Instantly, there are only two witnesses who testified at trial - Officer Maull and Williams. Each witness offered drastically different accounts of the events that transpired. Williams' claim that the footage on the body camera video is materially exculpatory is nothing more than a mere possibility that it might have depicted events differently than the Commonwealth presented at trial; it is equally likely that the recording would have corroborated Officer Maull's testimony. See Commonwealth v. Spotti , 94 A.3d 367, 383 (Pa. Super 2014) (holding mere possibility that body camera footage, which was routinely deleted after 30 days, "'might have' depicted events differently [did] not establish 'materiality'."). Thus, Williams has not established that the evidence was materially exculpatory, and the claim does to rise to the level of a Brady violation.
Therefore, the recording was merely "potentially useful" evidence, which requires Williams to show that the Commonwealth acted in bad faith by failing to preserve it. Chamberlain , supra. Nothing in the record shows the Commonwealth acted in bad faith by failing to preserve the body camera footage. The district attorney noted at trial that SEPTA routinely deletes body camera footage after thirty days. See N.T. Trial 5/10/17, at 5 ("unless there's a specific request to preserve [the footage], they usually don't keep them for longer than 30 days."). Williams was arrested on August 25, 2016, and filed a motion for compulsory disclosure on March 27, 2017. This is long after the thirty-day body camera preservation period; therefore, there was no way for the Commonwealth to provide the footage. Accordingly, the record shows no evidence of bad faith. Thus, we conclude that the trial court did not abuse its discretion in denying Williams' request to draw a negative inference against the Commonwealth regarding its failure to preserve the body camera footage. Robinson , supra.

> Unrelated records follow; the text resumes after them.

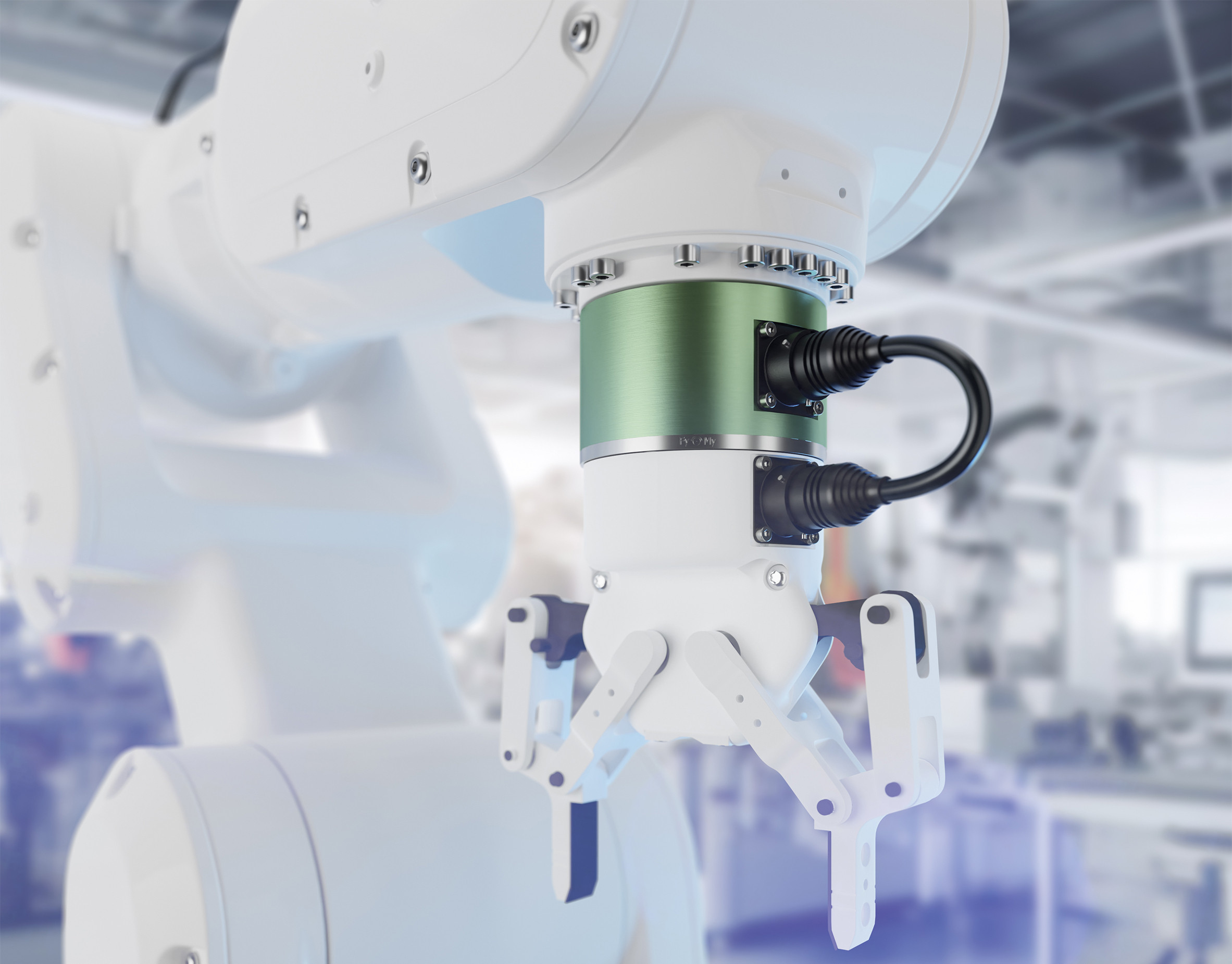 Bei Bestückungsprozessen beispielsweise können aus den Messwerten Rückschlüsse auf die richtigen Teile, deren Positionierung und die korrekte Bestückung getroffen werden. Die Spezialisten von Burster haben dafür einen sechsachsigen Kraft- und Drehmomentsensor mit Roboterflansch nach DIN ISO 9049-1 entwickelt, der einfach an der Standardaufnahme des Roboterarms befestigt wird.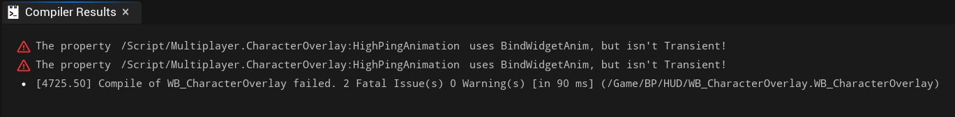 그러나, 해당 이름의 위젯이 없을 경우 위젯 블루프린트의 컴파일이 이루어지지 않는다.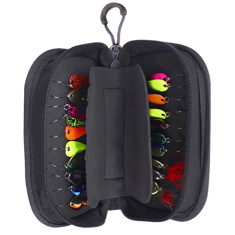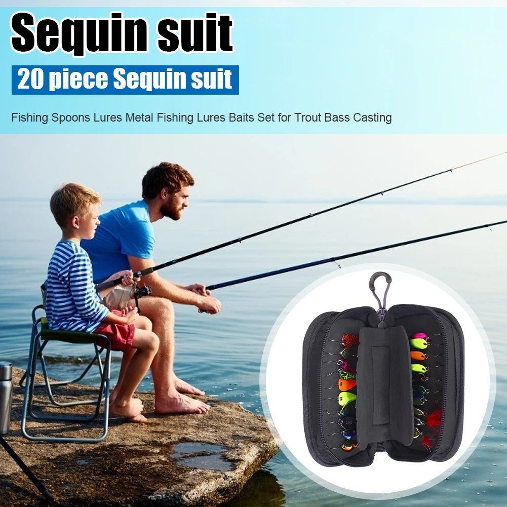 20pcs Fishing Lures Sequins Spoon Baits Set with EVA Foam Container Zipper Tackle Storage Bag Crankbaits Fishing Tackle Accessories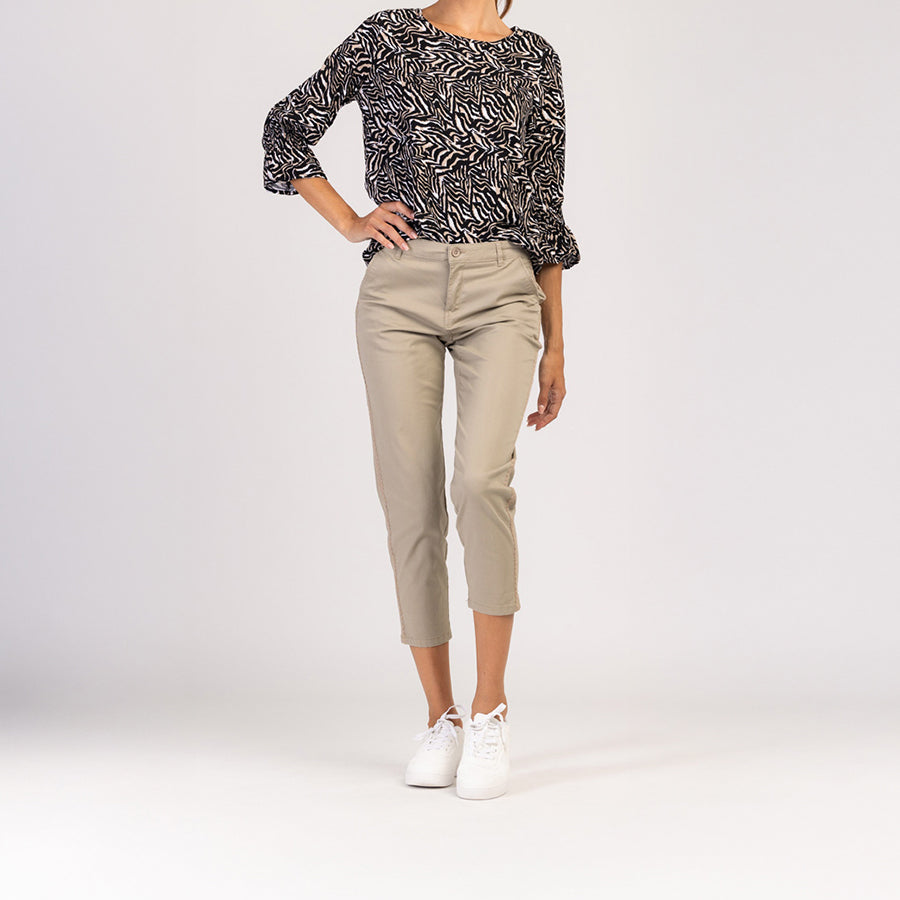 Αυτό το γυναικείο μπλουζάκι με μανίκια 3/4 σαγηνεύει με ένα εκλεπτυσμένο μπεζ σχέδιο που συνδυάζεται εύκολα με οποιοδήποτε στυλ. Κατασκευασμένο από απαλή βισκόζη, προσφέρει ευχάριστη αναπνοή, άνεση και μια χαλαρή αλλά εκλεπτυσμένη εμφάνιση.

See Commonwealth v. Synder , 963 A.2d 396, 408 (Pa. 2009), quoting Arizona v. Youngblood , 488 U.S. 51, 57 (1988) (holding evidence is potentially useful where "no more could be said than that it could have been subjected to tests, the results of which might have exonerated the defendant.").
Judgment of sentence for disorderly conduct under sections 5503(a)(1) and (a)(2) affirmed. Judgment of sentence for disorderly conduct under section 5503(a)(3) vacated. Jurisdiction relinquished. Judgment Entered. /s/_________
Joseph D. Seletyn, Esq.
Prothonotary Date: 8/15/18
Due to the fact that Williams' sentences run concurrently, vacating his section 5503(a)(3) count of disorderly conduct does not upset the trial court's overall sentencing scheme. We thus do not need to remand for resentencing. See Commonwealth v. Thur , 906 A.2d 552, 569 (Pa. Super. 2006) ("[I]f our decision does not alter the overall scheme, there is no need for a remand.").